◆ Your task:
With the pictures removed, the data below must be transcribed in full and exactly.

[Data extracted from a collection]
________

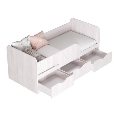 Кровать "Стандарт" с плавными линиями фасадов - эстетичный и безопасный выбор для детской комнаты. Благодаря компактным размерам она уместится в небольшой комнате, не создавая ощущения тесноты.
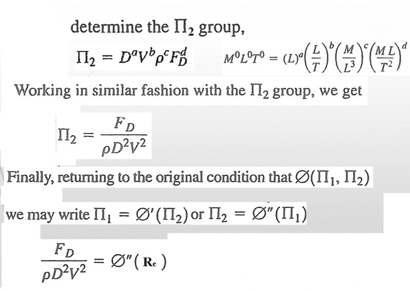 - Participants are attempting to clarify the relationship between π1 and the Reynolds number, questioning whether it is appropriate to express the Reynolds number in terms of other variables such as force, density, diameter, and velocity. There is also discussion about the meaning of the notation used, specifically regarding the function represented by Φ''.
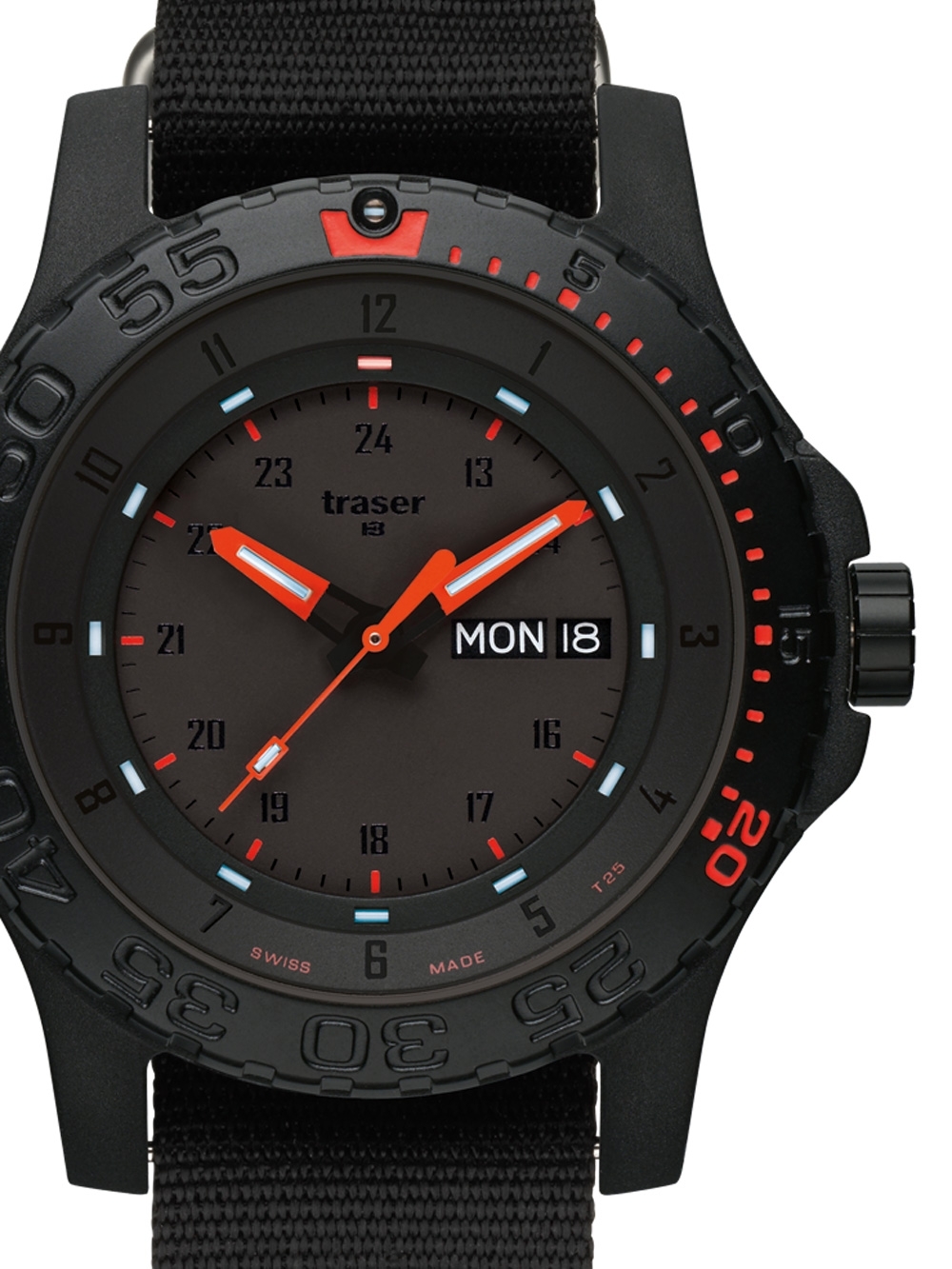 Specificaties Oppervlakteafwerking: MatSerie: P66 Rood CombatSluiting: GespsluitingAanzetbreedte – Lugbreedte van Horlogeband (mm): 25Tijdfuncties: Datum, Dag, Uur, Minuut, SecondeennnnnnnnBezel: Bidirectioneel,DraaibaarKleur van Horlogekast: ZwartMateriaal Horlogekast: Roestvrij staalDikte Horlogekast (mm): 12Breedte van Horlogekast (mm): 45Achterkant Horlogekast: geschroefd, Roestvrij staal achterkantKleur Wijzerplaat : ZwartWijzerplaatweergave: AnaloogDoelgroep: HerenHorlogeglas: Anti-reflecterend, SaffierglasVerlichting Horloge: Verlichte wijzers en indexen, trigalight®, TritiumType Uurwerk: Batterij (quartz)Soort Sluiting: GespsluitingKleur Horlogeband: ZwartHorlogeband: TextileStijl Horloge: SportyWaterbestendigheid (ATM): 20Maximale Polsomtrek (mm): 240Inclusief: Horlogedoos, handleiding en garantiebewijs
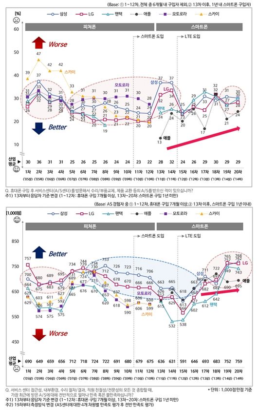 휴대폰을 구입한지 1년 이내인 소비자들이 휴대폰의 결함-하자-고장 등의 문제점 때문에 A/S를 받은 적이 있는지 물었다. 과거 피쳐폰 시절 지금은 사라진 스카이와 모토로라의 A/S 경험률이 높았으며, 이들을 제외하고는 삼성이 가장 높았다. LG와 비교한다면 피쳐폰 시절부터 스마트폰 시대가 열린 이후에도 대부분의 조사에서 삼성 소비자가 A/S 받은 비율이 LG보다 높았다.
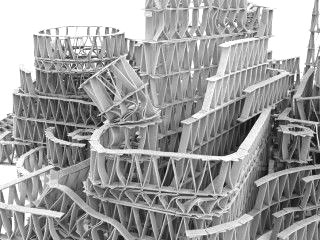 为了这件高约2米、长约3米的作品,杰里米花费了几个月的时间。起初,他只能自己购买“建筑材料”,不久后,一家大型口香糖生产商开始资助他。该几何雕塑的创作原理与用纸牌搭房子的原理相同,由于材料具有可塑性,“高塔”间可以用螺旋形过道来连接。
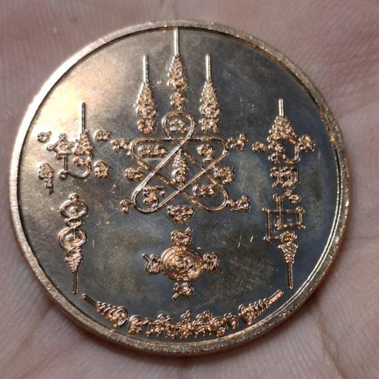 เหรียญตั้งบ้านตั้งเมือง หลังยันต์มหาอริยโสฬจใหญ่(ยันต์ฐานนคร คุุ้มครองหนุนดวงชะตาตั้งบ้านตั้งเมือง)หลวงพ่อเล็ก วัดท่าขนุน อฐิษฐานจิตปลุกเสก |
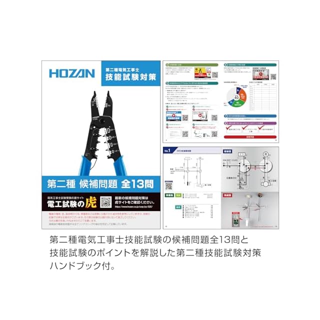 【技能試験対策ハンドブック】候補問題全13問の複線図、完成図、各器具の名称と電線の種類などをフルカラーで掲載。A5サイズで持ち運びに適しています。
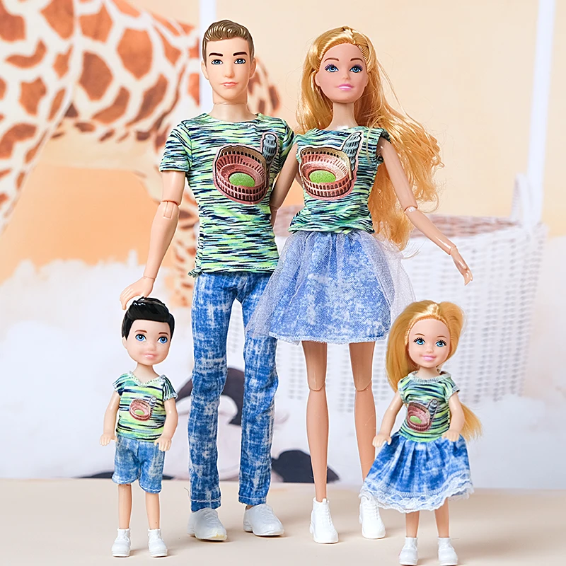 30cm Family Doll Movable Body Mom Dad Ken and Kids 4 Dolls Set 1/6 Barbies Doll Toy for Child Kids Education Birthday Gift

________

◆ Worked solution:
 Кровать "Стандарт" с плавными линиями фасадов - эстетичный и безопасный выбор для детской комнаты. Благодаря компактным размерам она уместится в небольшой комнате, не создавая ощущения тесноты.
 - Participants are attempting to clarify the relationship between π1 and the Reynolds number, questioning whether it is appropriate to express the Reynolds number in terms of other variables such as force, density, diameter, and velocity. There is also discussion about the meaning of the notation used, specifically regarding the function represented by Φ''.
 Specificaties Oppervlakteafwerking: MatSerie: P66 Rood CombatSluiting: GespsluitingAanzetbreedte – Lugbreedte van Horlogeband (mm): 25Tijdfuncties: Datum, Dag, Uur, Minuut, SecondeennnnnnnnBezel: Bidirectioneel,DraaibaarKleur van Horlogekast: ZwartMateriaal Horlogekast: Roestvrij staalDikte Horlogekast (mm): 12Breedte van Horlogekast (mm): 45Achterkant Horlogekast: geschroefd, Roestvrij staal achterkantKleur Wijzerplaat : ZwartWijzerplaatweergave: AnaloogDoelgroep: HerenHorlogeglas: Anti-reflecterend, SaffierglasVerlichting Horloge: Verlichte wijzers en indexen, trigalight®, TritiumType Uurwerk: Batterij (quartz)Soort Sluiting: GespsluitingKleur Horlogeband: ZwartHorlogeband: TextileStijl Horloge: SportyWaterbestendigheid (ATM): 20Maximale Polsomtrek (mm): 240Inclusief: Horlogedoos, handleiding en garantiebewijs
 휴대폰을 구입한지 1년 이내인 소비자들이 휴대폰의 결함-하자-고장 등의 문제점 때문에 A/S를 받은 적이 있는지 물었다. 과거 피쳐폰 시절 지금은 사라진 스카이와 모토로라의 A/S 경험률이 높았으며, 이들을 제외하고는 삼성이 가장 높았다. LG와 비교한다면 피쳐폰 시절부터 스마트폰 시대가 열린 이후에도 대부분의 조사에서 삼성 소비자가 A/S 받은 비율이 LG보다 높았다.
 为了这件高约2米、长约3米的作品,杰里米花费了几个月的时间。起初,他只能自己购买“建筑材料”,不久后,一家大型口香糖生产商开始资助他。该几何雕塑的创作原理与用纸牌搭房子的原理相同,由于材料具有可塑性,“高塔”间可以用螺旋形过道来连接。
 เหรียญตั้งบ้านตั้งเมือง หลังยันต์มหาอริยโสฬจใหญ่(ยันต์ฐานนคร คุุ้มครองหนุนดวงชะตาตั้งบ้านตั้งเมือง)หลวงพ่อเล็ก วัดท่าขนุน อฐิษฐานจิตปลุกเสก |
 【技能試験対策ハンドブック】候補問題全13問の複線図、完成図、各器具の名称と電線の種類などをフルカラーで掲載。A5サイズで持ち運びに適しています。
 30cm Family Doll Movable Body Mom Dad Ken and Kids 4 Dolls Set 1/6 Barbies Doll Toy for Child Kids Education Birthday Gift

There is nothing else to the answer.